This repository hosts a snakemake workflow for basic processing of whole-genome sequencing reads from cell-free DNA.
Master branch of the repository contains most recent developments while stable versions are saved as terminal branches (e.g. stable.1.0.0).
Directory workflow
contains two types of workflows- process-focused snakefiles (reads.smk, cna.smk, frag.smk) suitable for integration into another snakemake pipeline using the :include command, and the _int_test snakefile with examples of such integration using the repository test data.
- All software needed for the pipeline is present within the associated docker container (see
docker
and https://hub.docker.com/repository/docker/jeszyman/cfdna_wgs/general). - See the example configuration yaml
config/int_test.yaml
and wrapper workflowworkflow/int_test.smk
for necessary run conditions.
- [2023-01-26 Thu] - Version 9.1.0: Repo cleanup
- [2023-01-26 Thu] - Version 9.0.0: Removed -f 3 flag for perfectly matched pairs in samtools filtering as the flag from BWA removes some fragments at a set max length. Added framework for benchmark analysis. Added conditional execution of downsampling. Removed (temporarily) final wig and ichor commands of CNA as these don't currently run correctly without full genome alignment, so can't be validated on test data. Added local documentation of cfdna-wgs dockerfile.
- [2023-01-21 Sat] - Version 8.0.0: Corrected rule filt_bam_to_frag_bed to fix mates of inputs, which seems to prevent errors in the bamtobed call. Frag_window_count now uses windows of consistent 5 Mb size, which are generated from rule make_gc_map_bind. Added a merged fragment counts file and zero-centered unit SD counts.
- [2022-12-07 Wed] - Version 7.0.0: Added copy number alteration and DELFI fragmentomics.
- [2022-10-17 Mon] - Version 6.0.0: Using fastp for read trimming (replaces trimmomatic). Simplified naming schema. Removed downsampling (will reinstate in later version).
- [2022-09-08 Thu] - Version 5.3.0: some minor name changes
- [2022-08-19 Fri] - Version 5.2.0 validated: Adds bamCoverage and plotCoverage from deeptools. Benchmarks BWA.
- [2022-08-09 Tue] - Version 5.1.0 validated: Added cfdna wgs-specific container for each rule, referenced to config
- [2022-08-05 Fri] - Version 5.0.0 validated: Added a symlink rule based on python dictionary. Added repo-specific output naming, added checks for sequence type and file readability to input tsv.

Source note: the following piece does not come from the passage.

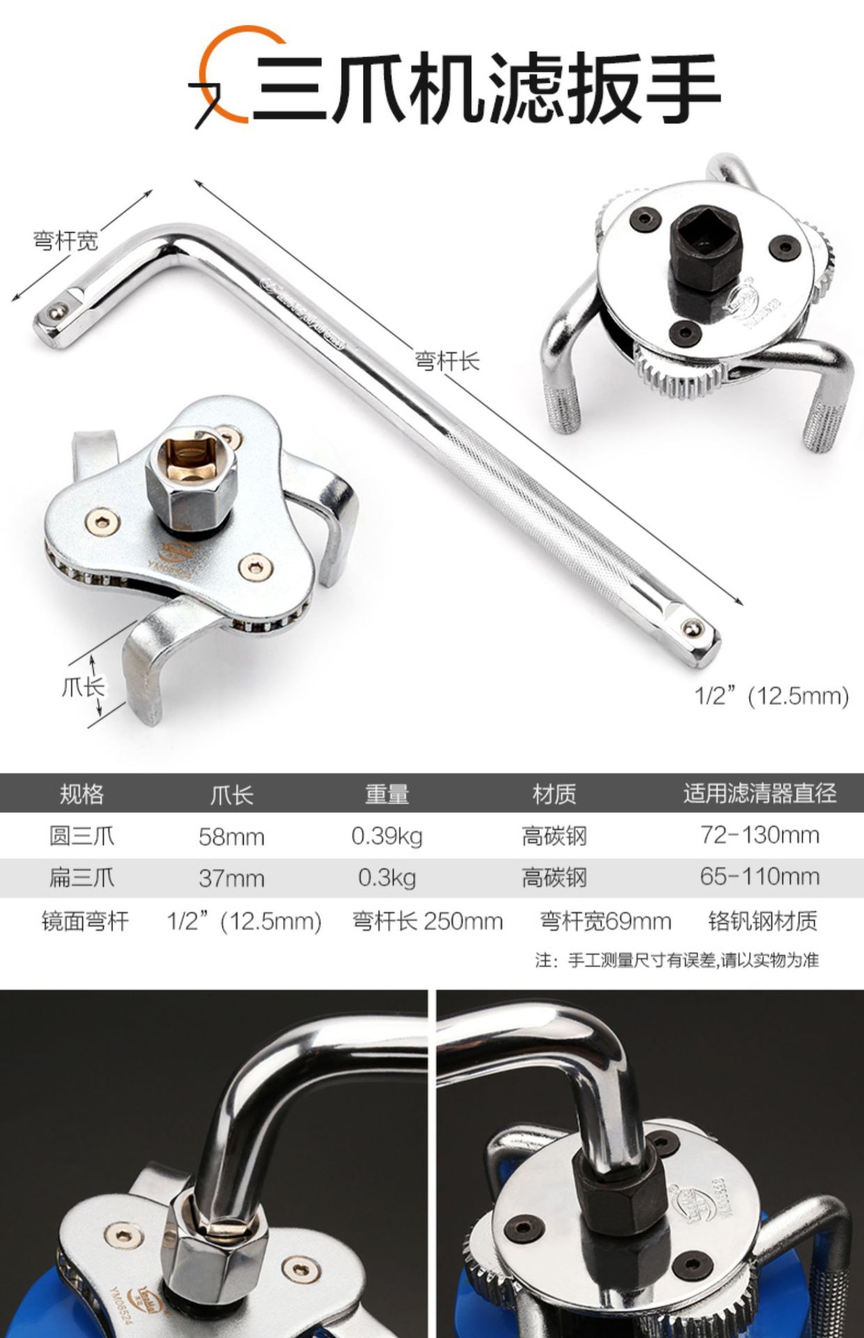 • 3구(플랫) 렌치(65-110mm) + 1/2 굽은 막대
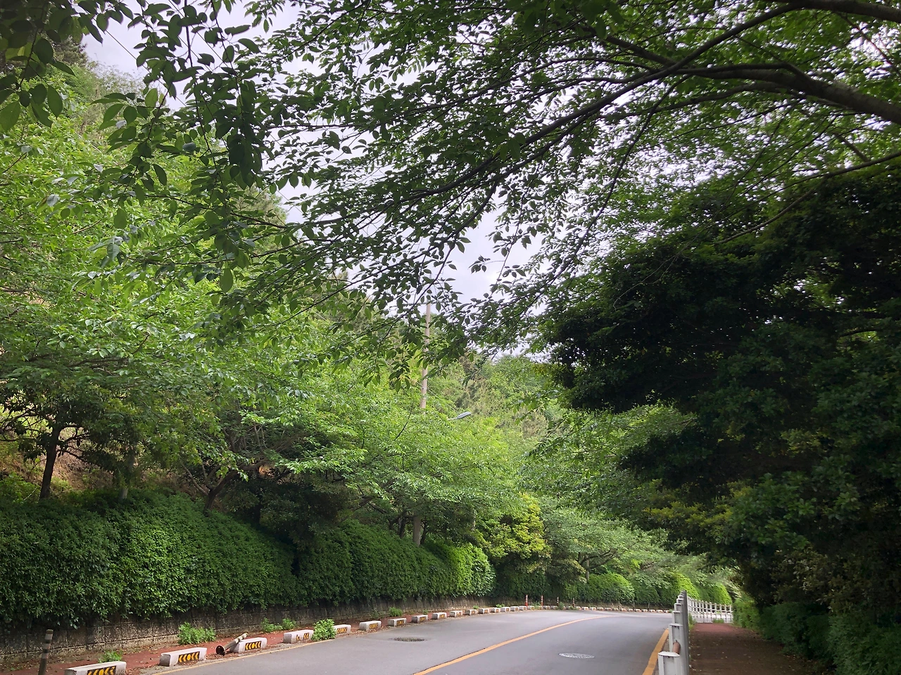 조금 더 가면 왼편으로 수치마을로 들어가게 되는 두 갈래 길이 나온다. 이곳에서 조선소 담장을 돌아 나오던 길은 끝이 난다. K조선 기술훈련원이 있는 오른쪽 길로 접어들어 산길도로가 이어진다. (14:24, 6.9km) 산길도로의 좌우로 커다란 벚나무들이 이어진다. 그렇지, 여기는 진해이니 벚나무가 길가에 늘어선 것이 당연한 풍경이지. 벚나무 가지들이 바람에 흔들리면서 진하게 푸르른 이파리들이 품어내는 향긋한 내음들 때문에 갑자기 기분이 좋아진다. 벚꽃이 필 때쯤이면 굉장히 보기 좋은 풍경을 연출하는 길이 아닐까 상상해 본다.

- [2022-06-27 Mon] - Version 4 validated. Further expanded read_qc.tsv table. Removed bam post-processing step and added a more expansive bam filtering step. Updated downsampling to work off filtered alignments.
- [2022-06-26 Sun] - Version 3.2 validated. Expanded the qc aggregate table and added some comments.
- [2022-06-24 Fri] - Validate version 3.1 which includes genome index build as a snakefile rule.
- [2022-06-24 Fri] - Validated version 3 with read number checkpoint for down-sampling.
- [2022-05-31 Tue] - Conforms to current biotools best practices.
- [2022-04-29 Fri] - Moved multiqc to integration testing as inputs are dependent on final sample labels. Integration testing works per this commit.